Here's a quick sketch of what I have in mind for process_getinfo(2).
Keep in mind that it's still just a rough idea.

We've had trouble efficiently learning about process and memory state
of the system via procfs. Android background memory-use scans (the
android.bg daemon) consume quite a bit of CPU time for PSS; Minchan's
done a lot of thinking for how we can specify desired page sets for
compaction as part of this patch set; and the full procfs walks that
some trace collection tools need to undertake take more than 200ms to
collect (sometimes much more) due mostly to procfs iteration.

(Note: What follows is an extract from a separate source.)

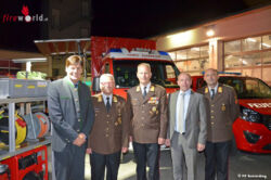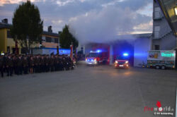 Präsentiert wurden die Fahrzeuge in Action und so manch ein Feuerwehrmitglied fragte sich bereits nach dem Einmarsch, wo denn nun die Fahrzeuge blieben. Alles wurde klar, als Feuerwehrkommandant Michael Hutterer den Befehl gab „Fahrzeuge marsch“ und hinter zwei vernebelten Glastoren die Blaulichter angingen. So präsentierte die Einsatzmannschaft die Fahrzeuge und die Container in Action und aus dem Mannschaftstransportfahrzeug stiegen auch Personen in Einsatzbekleidung aus – dies waren jedoch Sänger des Vocalensemble Innpuls – welche ein Überraschungsständchen darboten.
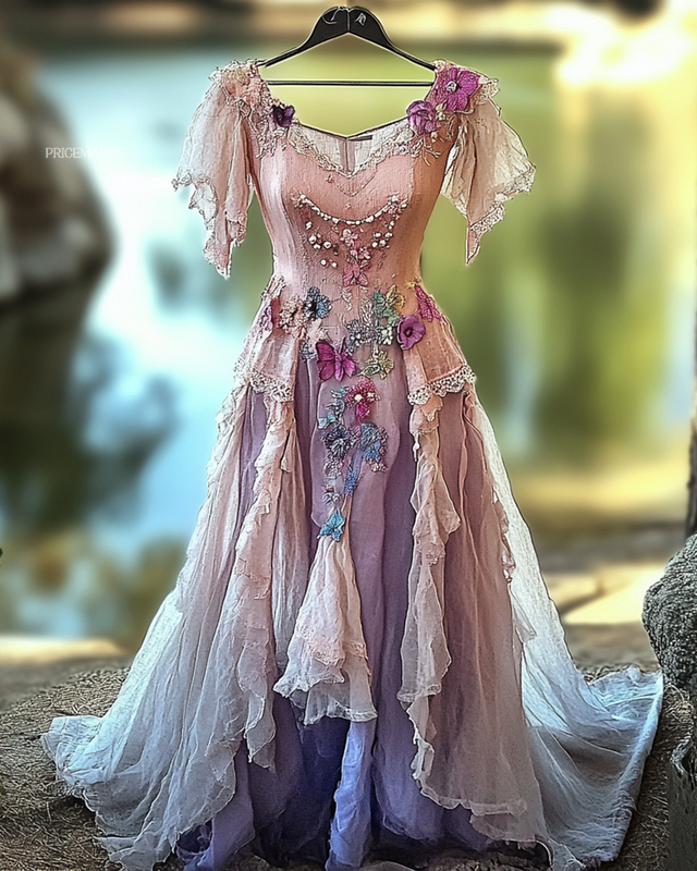 Summer Irregular Lace Patchwork BeadedRuffle Dress 5fa4

ISTM we
can do better.

While procfs *works* on a functional level, it's inefficient due to
the splatting of information we want across several different files
(which need to be independently opened --- e.g.,
/proc/pid/oom_score_adj *and* /proc/pid/status), inefficient due to
the ad-hoc text formatting, inefficient due to information over-fetch,
and cumbersome due to the fundamental impedance mismatch between
filesystem APIs and process lifetimes. procfs itself is also optional,
which has caused various bits of awkwardness that you'll recall from
the pidfd discussions.

How about we solve the problem once and for all? I'm imagining a new
process_getinfo(2) that solves all of these problems at the same time.
I want something with a few properties:

1) if we want to learn M facts about N things, we enter the kernel
once and learn all M*N things,
2) the information we collect is self-consistent (which implies
atomicity most of the time),
3) we retrieve the information we want in an efficient binary format, and
4) we don't pay to learn anything not in M.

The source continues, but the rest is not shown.